Caldas Ramos et al. introduced MAPI-LLM, a framework that processes natural-language queries about material properties using an LLM to decide which of the available tools, such as the Materials Project application programming interface (API), the Reaction-Network package, or Google Search, to use to generate a response. [Jablonka et al. (2023)] MAPI-LLM employs a reasoning and acting (ReAct) prompt (see Section 3.12.1 to read more about ReAct), to convert prompts such as “Is \(Fe_2O_3\) magnetic?” or “What is the band gap of Mg(Fe3O3)2?” into queries for Materials Project API. The system processes multi-step prompts through logical reasoning, for example, when asked “If Mn2FeO3 is not metallic, what is its band gap?”, the LLM system creates a two-step workflow to first verify metallicity before retrieving the band gap.

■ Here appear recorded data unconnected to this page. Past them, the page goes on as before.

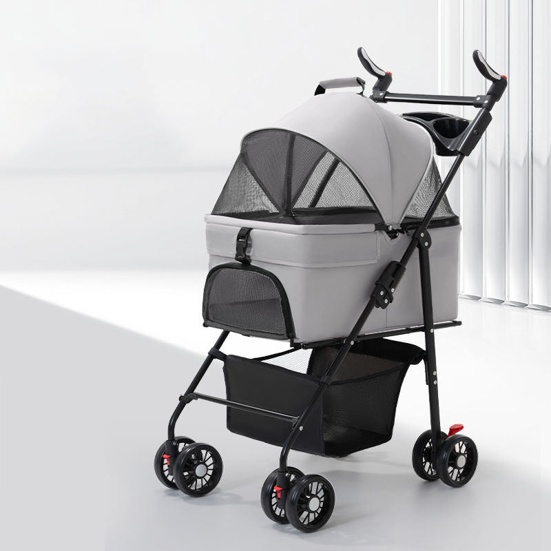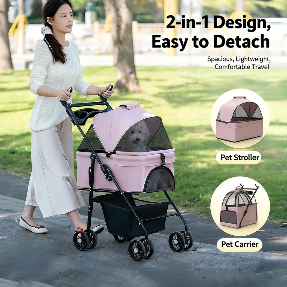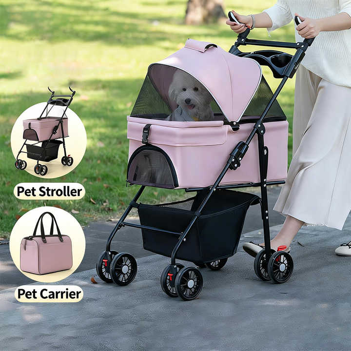 Passeggino Pieghevole Leggero per Animali Domestici con Chiusura a Cerniera e Design Staccabile, Capacità 15kg per Cani e Gatti di Piccola e Media Taglia
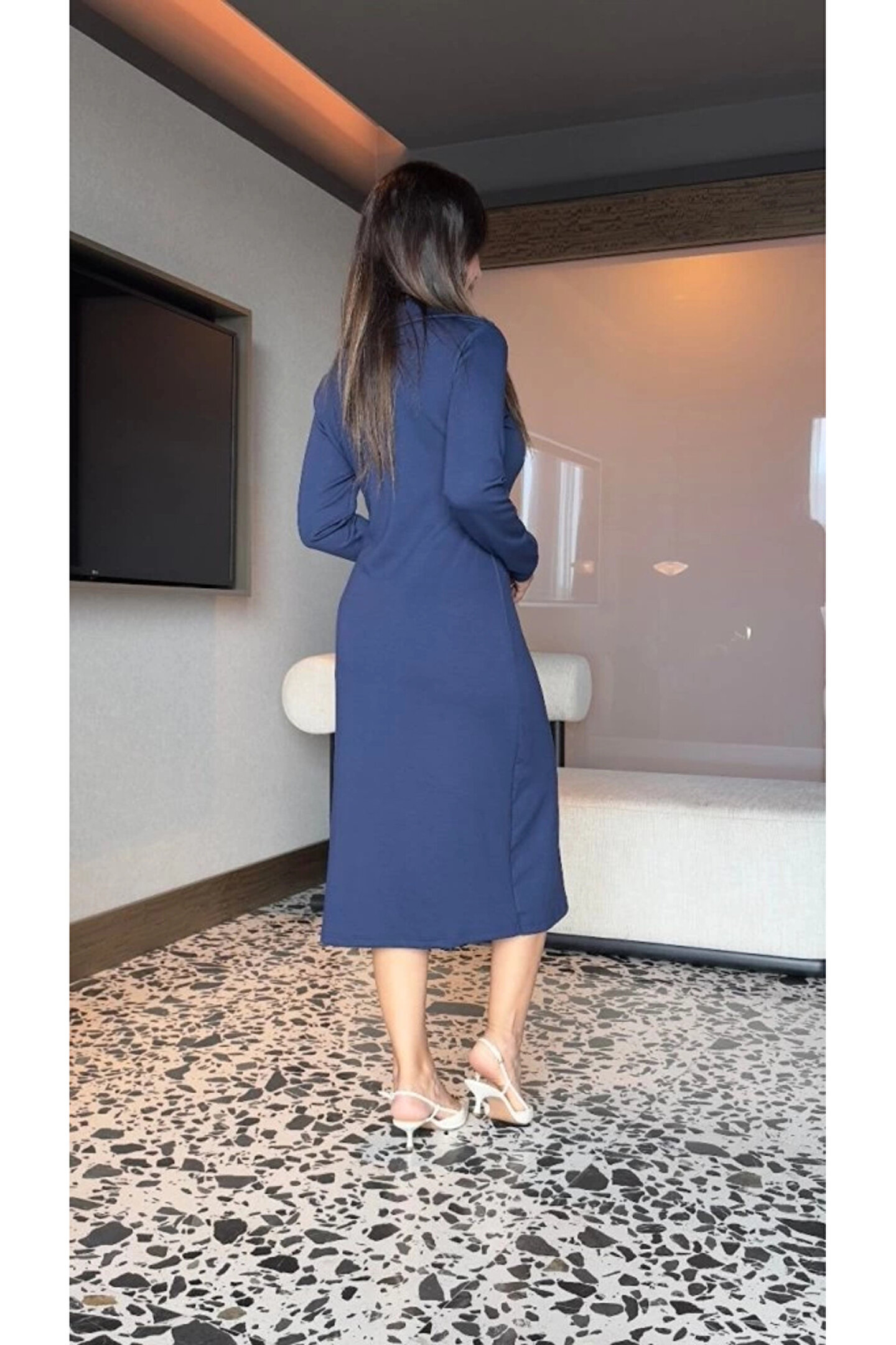 MissRunin Kadın Uzun Kollu Balıkçı Yaka önden Fermuarlı Yırtmaçlı Midi Viskon Iki Iplik Elbise
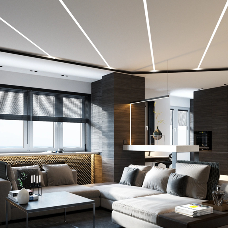 LED-Aluminiumprofile eignen sich beispielsweise für. An der Unterkante der Küchenschränke, eine Arbeitsplattenbeleuchtung und oben zur Schaffung einer indirekten Beleuchtung, Heimbeleuchtung, Treppenbeleuchtung und indirekte Beleuchtung. Badezimmer und Saunen zur Beleuchtung, Hotel-, Restaurant- und Ausstellungsbeleuchtung. Ladenregale zum Beleuchten und Fahnenlichter.
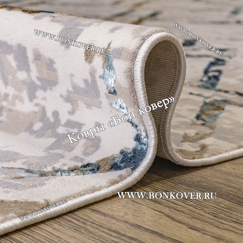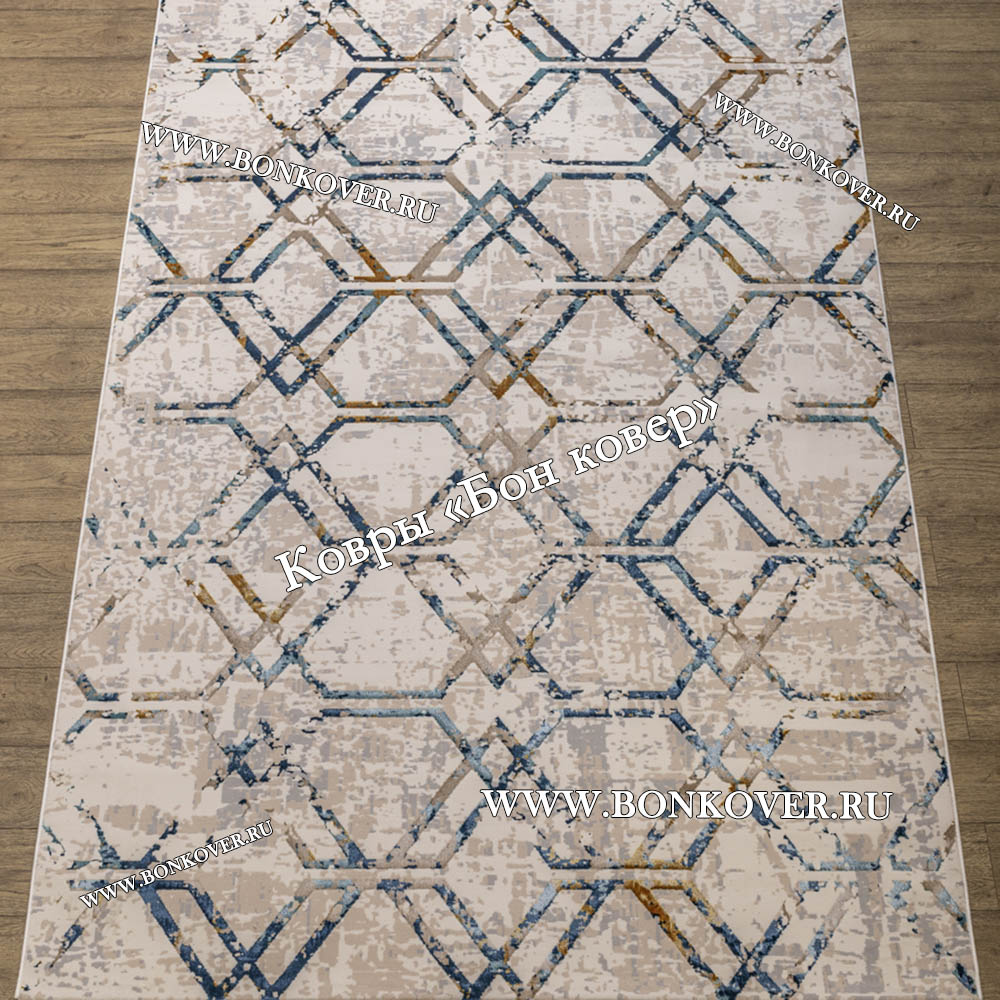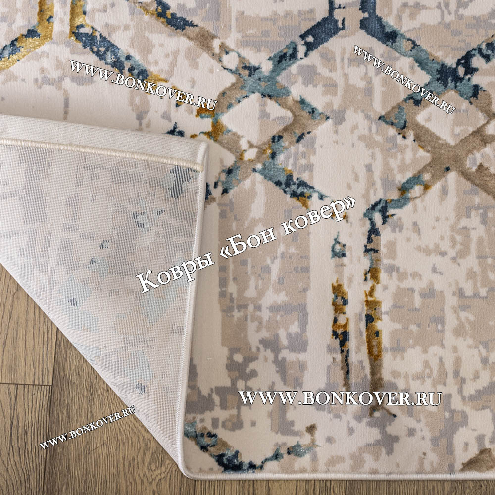 Шикарный Турецкий прямоугольный ковер Бежевый с синим дизайн 10 наполняет интерьер гостиной теплом и уютом, гармонично сочетает в себе изящество и стиль. Он выполнен из экологически чистого сырья, прочный и долговечный.
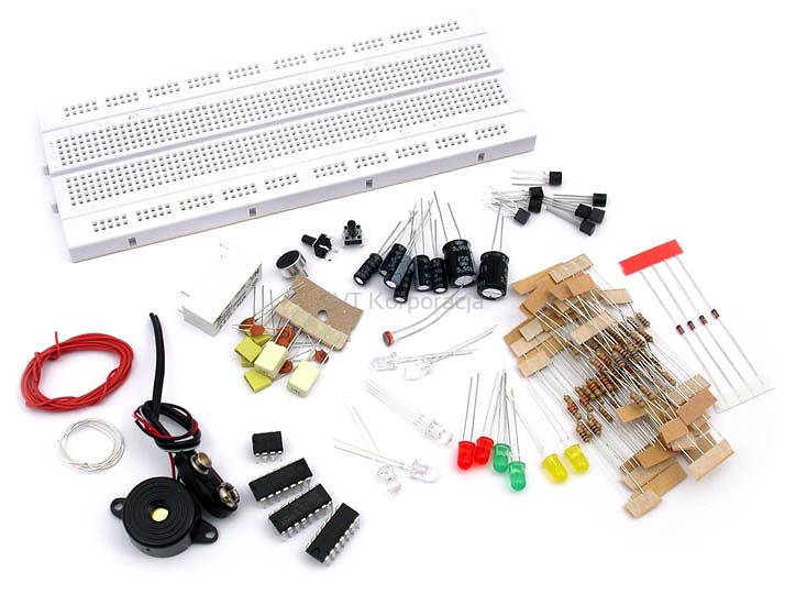 Zestaw praktycznego kursu elektroniki do samodzielnego montowania układów z pominięciem lutowaniaAby się o tym przekonać do zagadnień naszej pracy wdrożyliśmy elementy elektroniki. To kolejny obszar ludzkiej wiedzy niezwykle rozbudowany i konieczny poznania, by zrozumieć jak działa nasz świat i jakie są jego możliwości. Na początek rzeczy proste, ale praktyczne. Pomoże to też w nauce w szkole, gdy przyjdzie nam się zmierzyć z zagadnieniami z elektryczności. Świat półprzewodników i układów cyfrowych jest niezwykle kreatywny, a wielość zastosować różnych rozwiązań daje ogromne pole do popisu nam wszystkim.
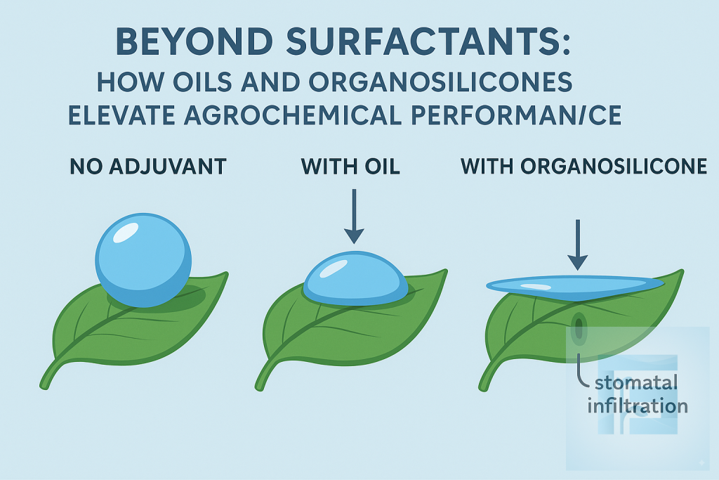Oils and organosilicone adjuvants increase droplet spreading, cuticular penetration, and overall deposition efficiency far beyond conventional surfactants. Organosilicones reduce surface tension to exceptionally low levels, enabling rapid stomatal infiltration and enhanced active ingredient uptake. These advanced adjuvants can significantly reduce spray volume while improving bioefficacy and uniformity.
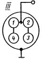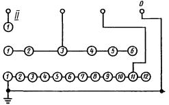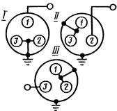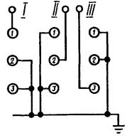 | 9 | Многожильный троечной скрутки | Жилы каждой группы, соединенные вместе, против остальных групп, соединенных вместе. Группу жил составляют все жилы 1, соединенные вместе, все жилы 2, соединенные вместе, и все жилы 3, соединенные вместе I - схема испытания первой группы жил против второй и третьей групп, соединенных вместе; II - аналогично, вторая группа жил против первой и третьей; III - третья группа жил против первой и второй | Жилы каждой группы, соединенные вместе, против жил остальных групп, соединенных вместе и с внешним заземленным электродом | ||
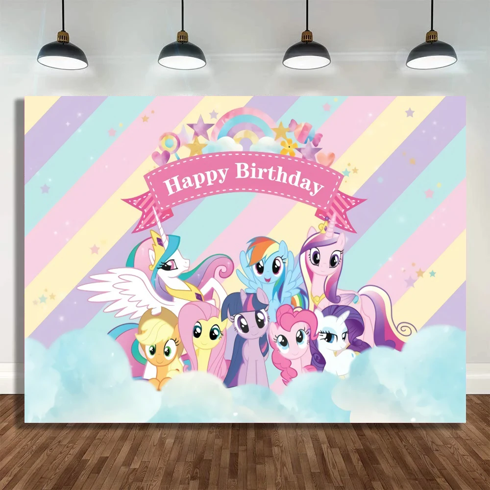Радужный Красочный Полосатый день рождения девочка принцесса фон мой маленький пони Единорог облака Новорожденный ребенок душ фон
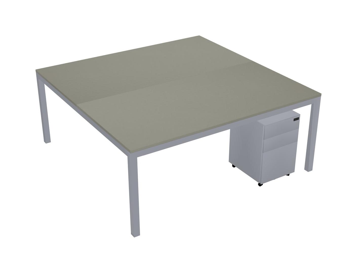 Grey Shadows Shared Rectangular Office Desk With Metal Mobile Drawers For 2 Persons
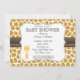 A sweet cartoon baby giraffe set against a modern giraffe print background. This baby shower invitation sets the tone for a fun, and possibly wild, baby shower.
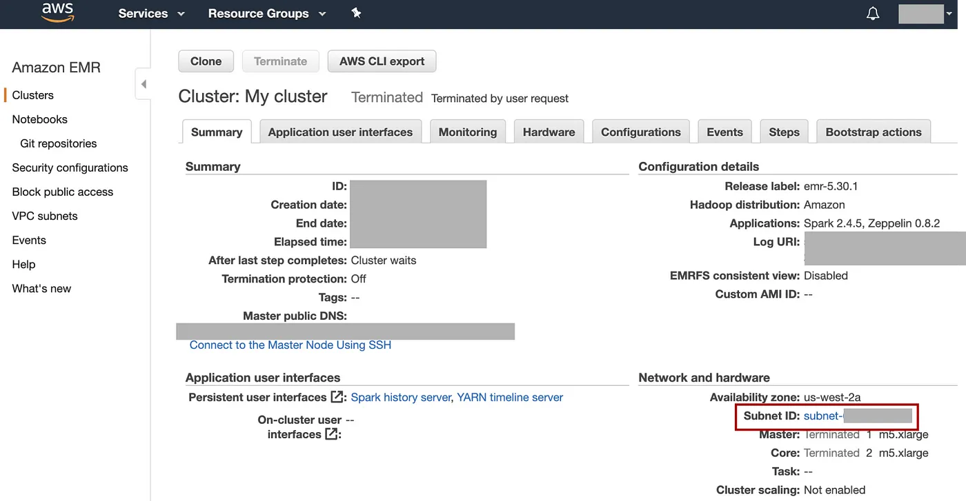 对于初学者来说,另一种安全的方法:使用 AWS 控制台创建类似的 EMR 集群。然后查看该集群的“摘要”页面上的“网络和硬件”会话以查看子网 ID:
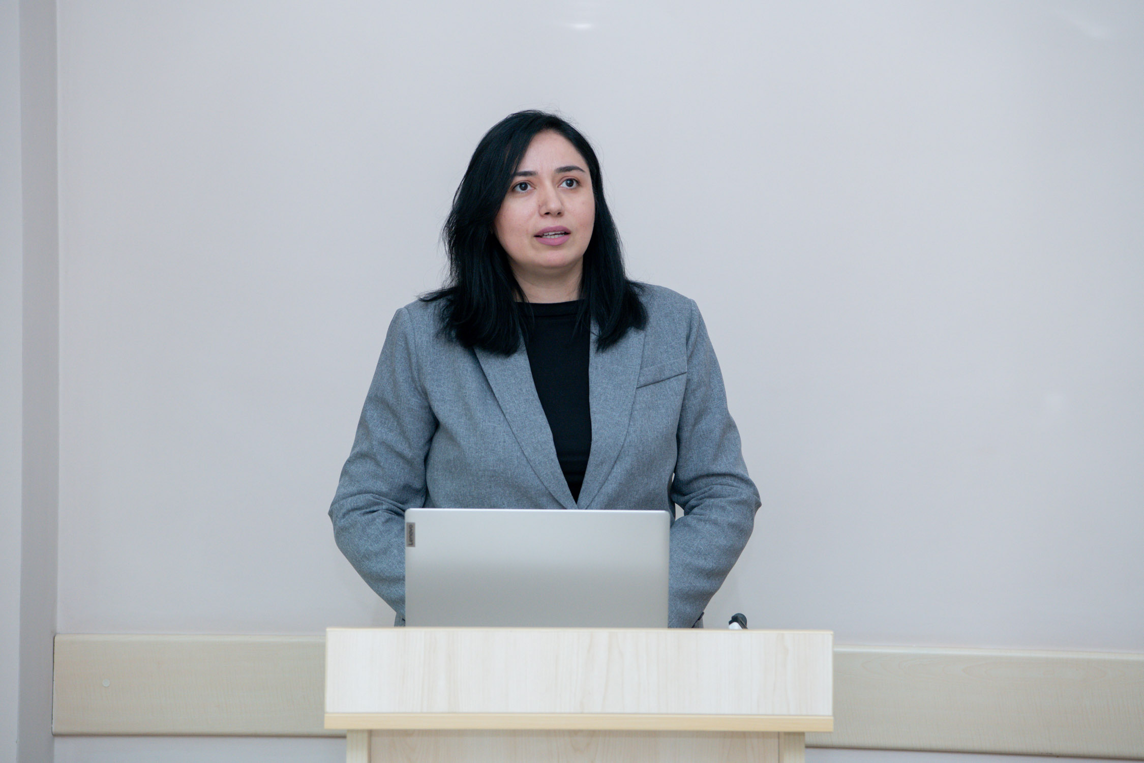 At the event, Ramila Bashirzade, Senior Lecturer at the Department of Business Administration, Doctor of Economic Sciences and Associate Professor, delivered a presentation on the topic. It was noted in the address that in recent years, artificial intelligence technologies have become one of the key components of economic development in Azerbaijan. These technologies are exerting a significant influence on labour market development, the strengthening of the competitive environment, and the enhancement of economic efficiency. The widespread application of artificial intelligence in such sectors as finance, transport, and agriculture has already begun to yield tangible results. It was stated that artificial intelligence enables the optimisation of transport systems, the analysis of financial data for the preparation of forecasts, and the increase of productivity in agriculture. Emphasis was also placed on the fact that "smart city" projects being implemented in the liberated territories are creating conditions for the adoption of new technological approaches and the generation of employment opportunities. Attention was drawn to the fact that while certain jobs are being automated as a result of the implementation of artificial intelligence, new professions and specialisations are simultaneously emerging.

Building on this foundation of agent-based materials querying, Chiang et al. (2024) advanced the approach with LLaMP, a framework that employs “hierarchical” ReAct agents to interact with computational and experimental data. This “hierarchical” framework employs a supervisor-assistant agent architecture where a complex problem is broken down and tasks are delegated to domain-specific agents.

6.1.4 Limitations

Figure 6.2: Normalized error distributions for materials property prediction models across different architectures. Each point represents the normalized error of a model on a specific property prediction task. Normalization was achieved with min/max values of each dataset to produce a range of errors between 0 and 1. The first column (blue) shows GNN based models, the second column (red) displays LLM approaches, and the third column (orange) represents other baseline methods and state-of-the-art (SOTA) models, including CrabNet. (A. Y.-T. Wang et al. 2021) Lower values indicate better predictive performance. Data adapted from Alampara, Miret, and Jablonka (2024).

A significant challenge for GPMs in chemistry lies in managing dataset limitations and selecting appropriate chemical representations. Practical applications often suffer from highly unbalanced datasets, where examples of optimal materials are vastly outnumbered by poor-performing ones, forcing difficult compromises that can diminish model performance [Van Herck et al. (2025)]. The choice of how a material is represented (SMILES notation versus IUPAC) also critically impacts performance, indicating that data preprocessing remains a crucial consideration.

Beyond data issues, architectural constraints present another barrier as illustrated in Figure 6.2. Alampara, Miret, and Jablonka (2024) reveal that while LLMs are effective for tasks relying on compositional information, they struggle to interpret geometric or spatial data when it is encoded in text. This suggests a fundamental limitation of transformer-based architectures for applications requiring spatial reasoning. Consequently, the conventional assumption that performance can be universally improved by scaling up model size or pre-training data is challenged [Frey et al. (2023)]. Such scaling may not overcome the inherent bias against geometric understanding.

6.1.5 Open Challenges

  • Encoding 3D Structure: Developing methods to effectively represent and integrate geometric, spatial, and structural information to overcome their inherent bias toward compositional data.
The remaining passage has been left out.